Goodman dumps banks for beef to beat inflation

Bloomberg | 8 August 2013
Medium_ned-goodman
Canadian billionaire Ned Goodman holds an 83% stake in Blue Goose Capital Corp. – the largest organic beef operator in North America that produces not only organic beef, but poultry and fish as well.

Goodman dumps banks for beef to beat inflation

By Katia Dmitrieva

Ned Goodman, founder and chief executive officer of holding company Dundee Corp. (DC/A), shed the last of his bank shares after forecasting global inflation will make investments such as gold stocks and organic beef more rewarding.

Goodman, who oversees about C$10 billion ($9.6 billion) for Dundee and its investments in real estate, precious metals, energy and infrastructure, sold the last of the company’s Bank of Nova Scotia (BNS) shares earlier this quarter. Dundee held Scotiabank stock valued at about C$519 million as of March 31, according to the first quarter earnings report, including shares acquired after the bank purchased the DundeeWealth Inc. asset-management unit for C$2.3 billion in 2011.

“Our whole investment modus operandi is to get involved in those industries and companies that will gain from an inflationary event,” Goodman, 75, said in an interview at Bloomberg’s Toronto office Aug. 1. “I’m more bullish on gold now than I’ve ever been.”

Goodman, who began managing investments in 1962 with Austin Beutel and Edward and Peter Bronfman in Toronto for Edper Group Ltd., the predecessor of Toronto-based Brookfield Asset Management Inc. (BAM/A), is putting his cash into hard assets. With the U.S. Federal Reserve and other central banks printing money, it’s only a matter of time before currencies lose value and inflation rises, Goodman said.
‘Completely Crazy’

“The world is totally upside down right now -- it’s completely crazy,” Goodman said, clicking off his Rolex watch and slinking the chain between his fingers. “I don’t know of another time when every country in the world was printing money.”

Fed Chairman Ben S. Bernanke began so-called quantitative easing in 2008 during the financial crisis, and the bank is buying $85 billion in bonds each month in an effort to keep interest rates low and spur economic growth.
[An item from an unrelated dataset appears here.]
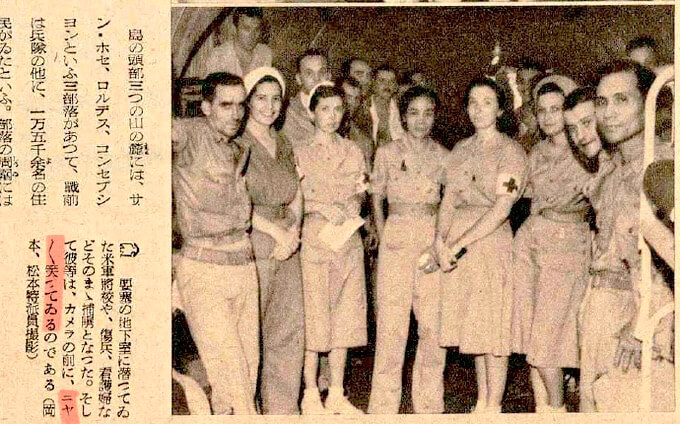 島の頭部三つの山の麓には、サン・ホセ、ロルデス、コンセプションといふ三部落があって、戦前は兵隊の他に、一万五千余名の住民がいたという。部落の周囲には、、、。 要塞の地下室に潜んでいた米軍将校や、傷兵、看護婦などそのまま捕虜となった。そして彼等は、カメラの前に、ニヤニヤ笑っているのである(岡本、松本特派員撮影) (Translation) At the foot of the island's three main mountains lie the three villages of San Jose, Lourdes, and Conception. Before the war, besides the soldiers, there were said to be over fifteen thousand residents. U.S. military officers, wounded soldiers, nurses, and others who had been hiding in the fortress's basement were taken prisoner. And there they were, grinning before the camera. (Photographed by Special Correspondents Okamoto and Matsumoto) |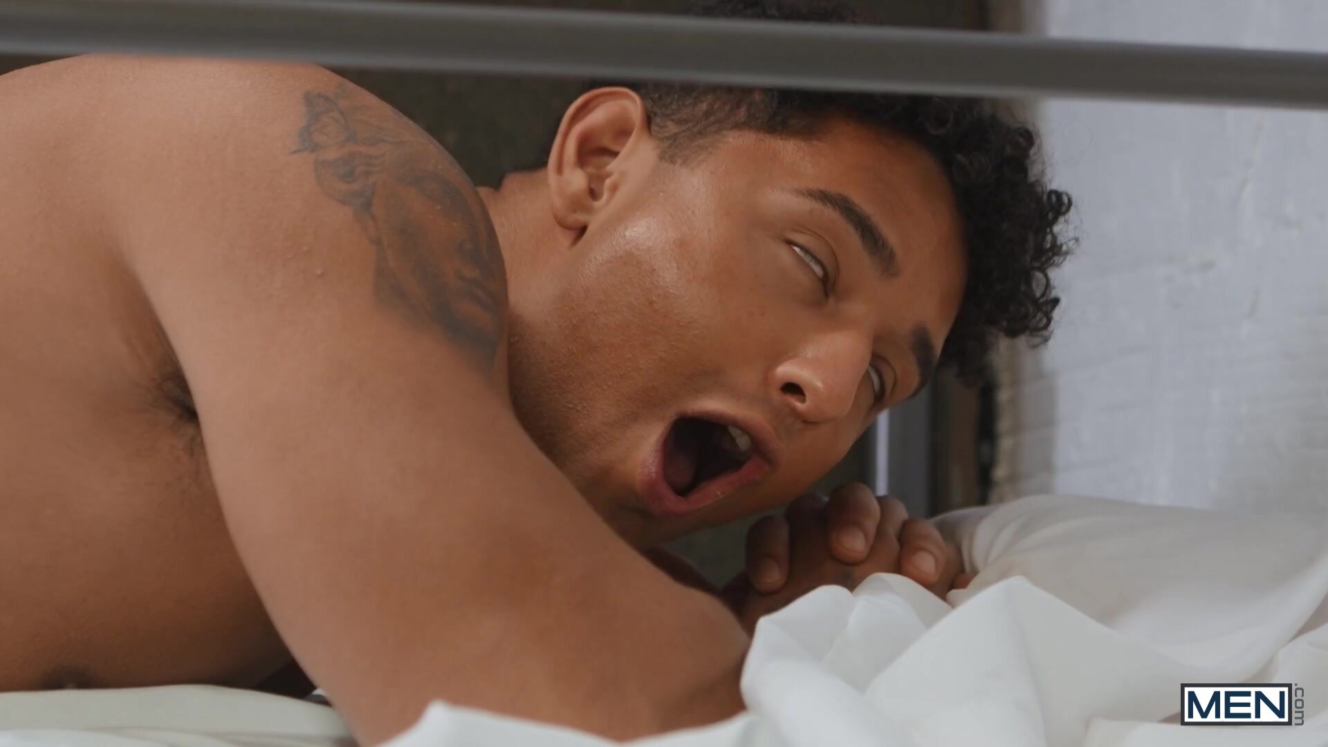 Horny soldier Maverick Sun thought he finally had a chance for some quality time with his dildo, but his roommates walk in on him, and Malik Delgaty threatens to report it! Kenzo Alvarez tells the hunk to chill out... and that night after lights out, he sticks his dick through a hole in the mattress for Maverick to suck. Malik cums in a sock as his roomies break regulations, and Kenzo fucks Maverick doggystyle way better than his dildo could. Kenzo pounds the bottom in missionary and spoon, reaching around to stroke him till he cums, and gives Maverick a facial. When the bottom finds Malik's cum sock, he realizes the top wasn't as uninterested as he seemed...

Japan and the European Central Bank created similar programs.

Goodman said he doesn’t know when inflation will rise or how drastically, but that his investment strategy is a pre-emptive strike against that risk.

“I don’t wait for inflation,” he said. “It’s hard to call, but it’s impossible for me to see the U.S. getting out of trouble without printing more money and it’s impossible to see how Europe survives in the form that it’s in. You look around the world and you say: ‘We’re going to have to have some inflation.’ I want to own assets that are inflation-proof.”
‘Buffett Freak’

Canada’s annual inflation rate was 1.2 percent in June and is forecast to average 1.7 percent for the year, 2.4 percent in 2014 and 2.7 percent in 2015, according to analysts’ estimates compiled by Bloomberg. Inflation for the U.S. will average 1.6 percent this year and 1.9 percent in 2014, up from 1.8 percent in June, according to estimates while globally, inflation is expected to average 2.3 percent this year and 2.8 percent in 2014.

Toronto-based Dundee, which Goodman founded in 1991, rose 64 percent in the 12 months through yesterday, driven by gains in real estate, and outpacing the 4.6 percent rise in the Standard & Poor’s/TSX Composite Index. The company returned 165 percent in the five years through yesterday, including dividends, beating Brookfield’s 30 percent gain and the 52 percent increase at Warren Buffett’s Berkshire Hathaway Inc., whom Goodman reveres.

“I am a Warren Buffett freak,” he said of the Berkshire Hathaway CEO and third-richest person in the world, according to the Bloomberg Billionaires Index. “His whole process is really quite simple: he buys things for less than they’re worth.”
Gold Slides

Buffett said in May gold held no appeal even after the recent slide because it “just sits there and you hope somebody pays you more for it.”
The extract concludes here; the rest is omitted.